Per IEC 61724-1, PR = Y_f / Y_r, where Y_f is the Final Yield (AC energy delivered per kWp installed: kWh/kWp) and Y_r is the Reference Yield (plane-of-array irradiation divided by STC reference irradiance: kWh/kWp). Equivalently, PR = E_AC / (H_POA × P_STC / 1000). For a bankable performance report, both the energy meter and the irradiance measurement must meet IEC 61724 accuracy requirements. Using inverter production counters (typically ±3–5% accuracy) instead of calibrated revenue meters produces PR values with insufficient accuracy for lender reporting.
What irradiance sensor should I specify for a 10 MW Indian solar project?
For a 10 MW Indian project requiring IEC 61724 Class B compliance (suitable for most IREDA-financed and operationally monitored projects), specify a Kipp & Zonen CMP6 or CMP10 (ISO 9060 Class B thermopile pyranometer) with annual calibration. For DFI-financed projects or those requiring Class A compliance, specify a CMP11 or Hukseflux SR20 (ISO 9060 Class A secondary standard) with bi-annual calibration. Silicon reference cells (like those built into SolarEdge or Huawei SCADA systems) are acceptable for operational monitoring only — they are not ISO 9060 classified and have spectral sensitivity differences that introduce systematic errors in plane-of-array irradiance measurement.
What data interval does IEC 61724 require for a performance guarantee?
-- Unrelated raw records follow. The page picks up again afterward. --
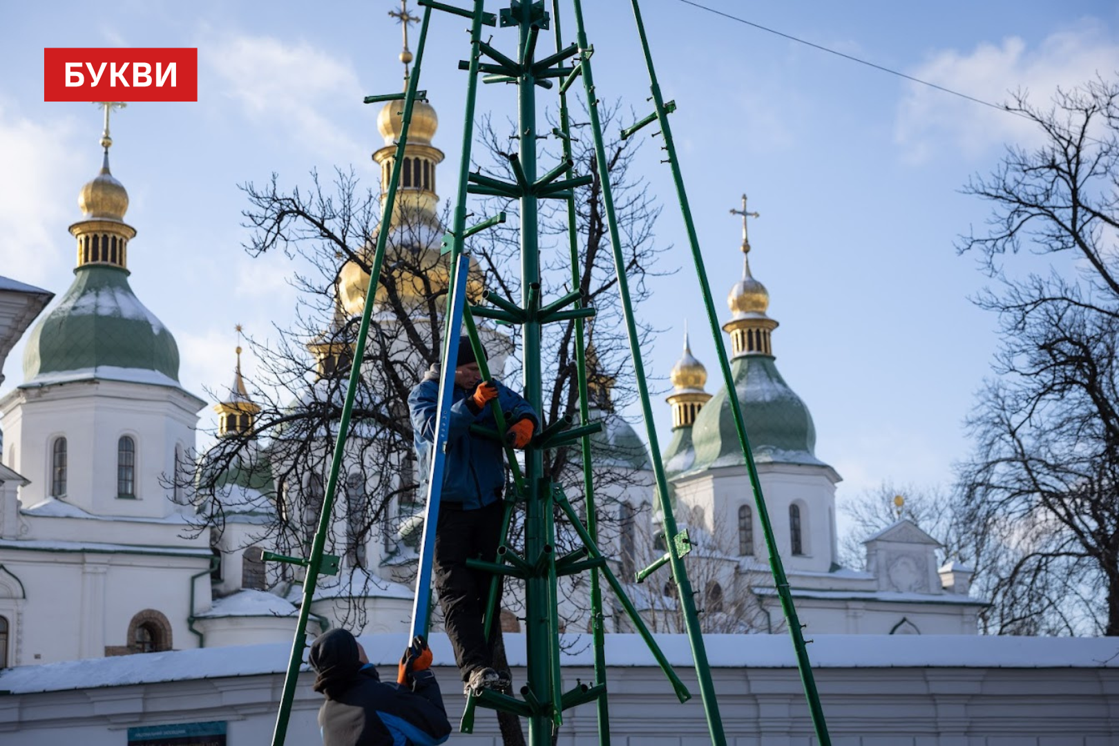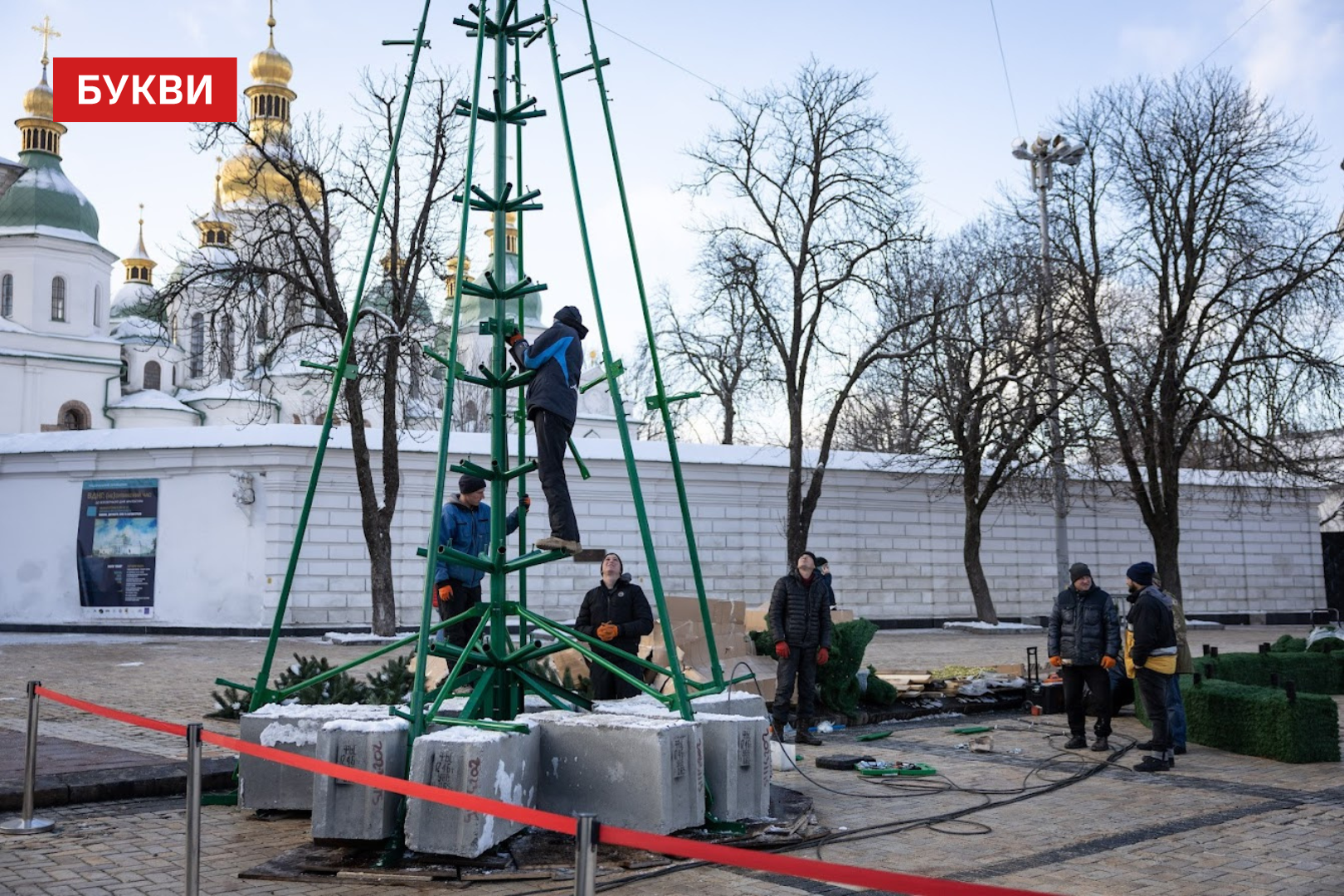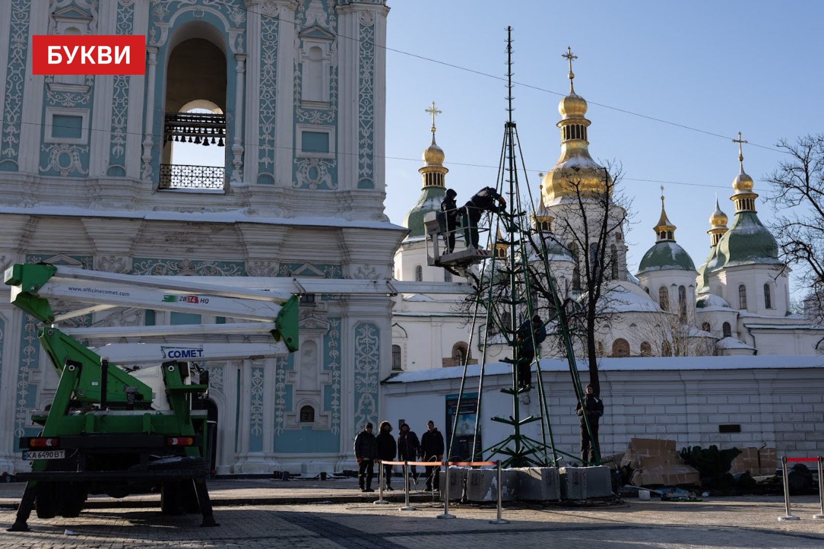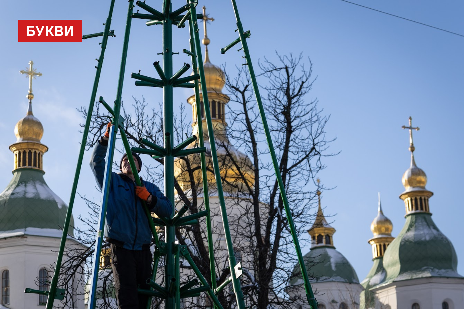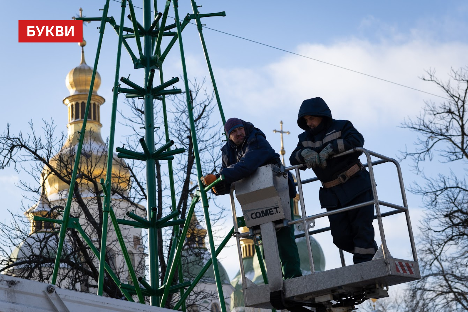 4 грудня у центрі Києва, на Софійській площі, розпочали встановлення головної ялинки України.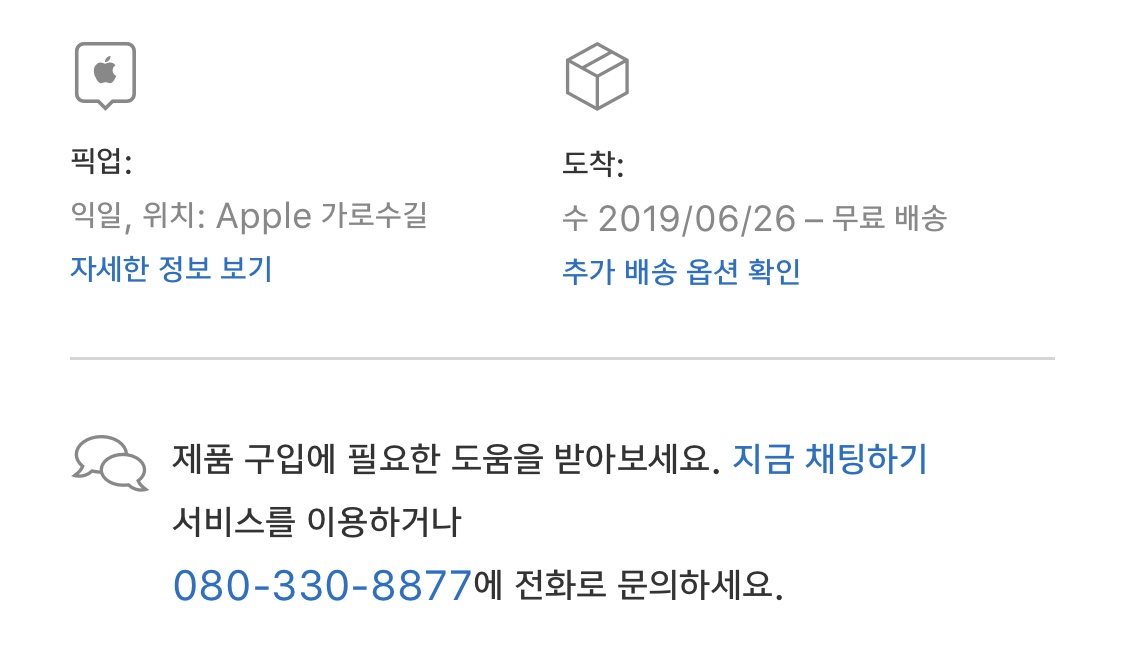 하단에 배송 관련 구체적인 정보를 확인 할 수 있으며, 앞 답변처럼 080-330-8877에 문의해서 확인이 가능합니다 정말 급하시다면 애플 가로수길 또는 일반 애플 리셀러 매장에서 구매하시는 것도 추천드립니다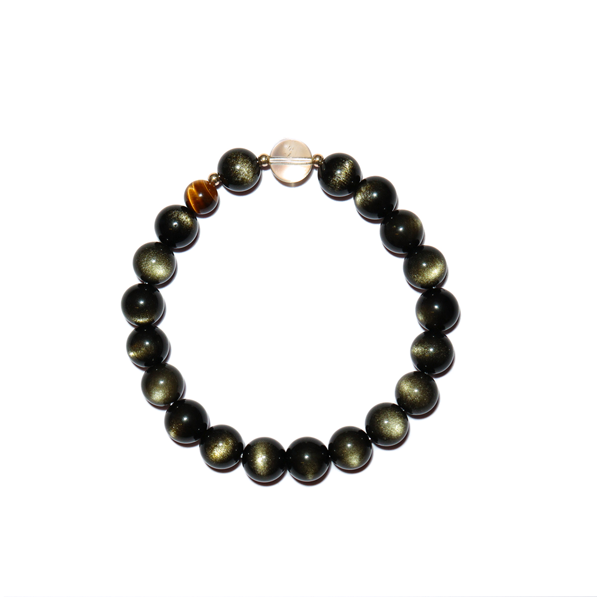 招财CrystalC天然黑曜石金曜石手链男女黄水晶虎眼石手串情侣礼物
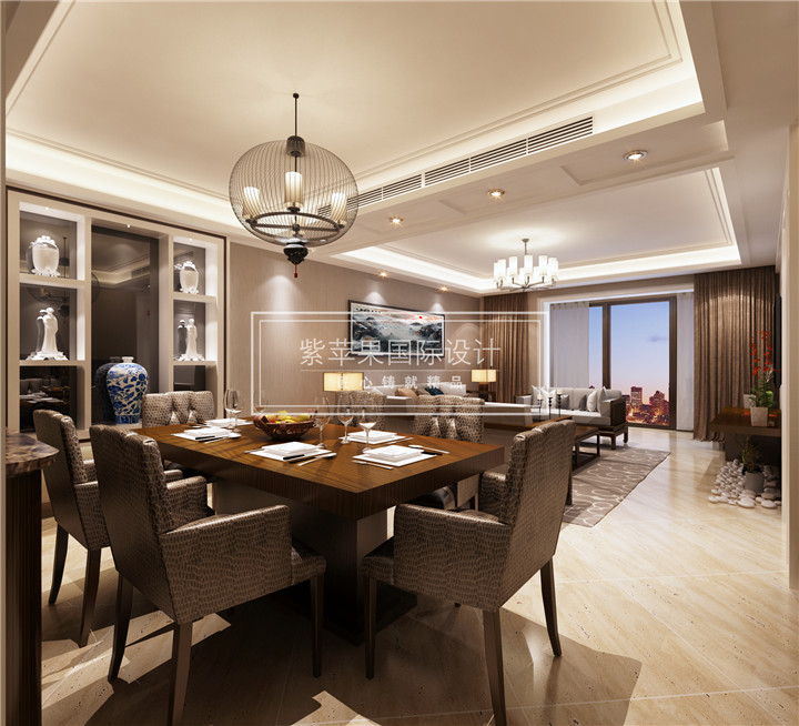 餐厅的设计也是别具匠心,现代风格的餐椅造型跟新潮的布料风格搭配,时尚而又强调实用性。亮眼之处是鸟笼造型的吊灯设计又还原了传统的中式风格,同时搭配餐桌上的红酒杯,新中式的魅力得以完美地展现。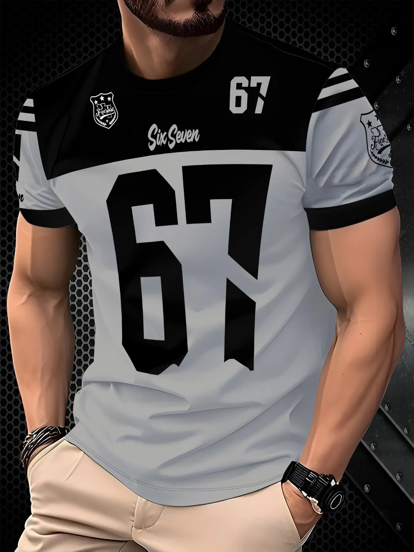 Colorblock Summer Couple Sports Baseball Jacket, Loose Oversize Drop Shoulder Short Sleeve, All over Print, Casual Street Style, Breathable Fabric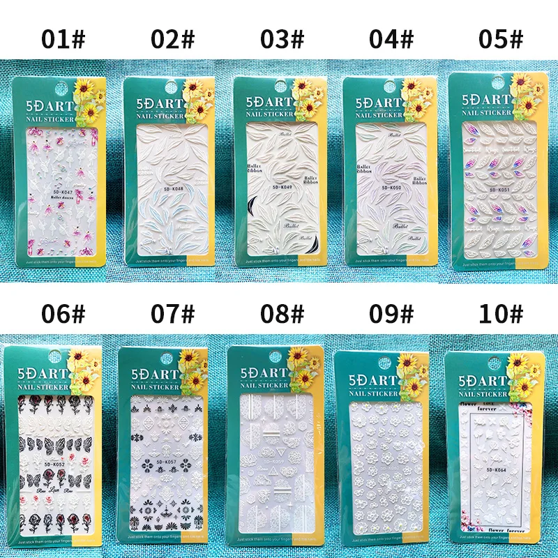 1 шт. простая белая рельефная Цветочная кружевная 5D наклейка трехмерная рельефная наклейка для дизайна ногтей цветочное украшение бабочки

For performance guarantee tracking and lender reporting per IEC 61724, the minimum recommended data interval is 5 minutes (Class B) or 1 minute (Class A). Data at 15-minute intervals can calculate daily and monthly PR with acceptable accuracy but misses transient events (cloud-induced irradiance variability, short-duration faults) that affect individual day production. For O&M teams investigating underperformance, 1-minute data enables precise correlation of production drops with irradiance, soiling events, or inverter faults. Specify 5-minute intervals as the minimum in the SCADA procurement specification, with 1-minute as the preferred target for larger utility-scale plants.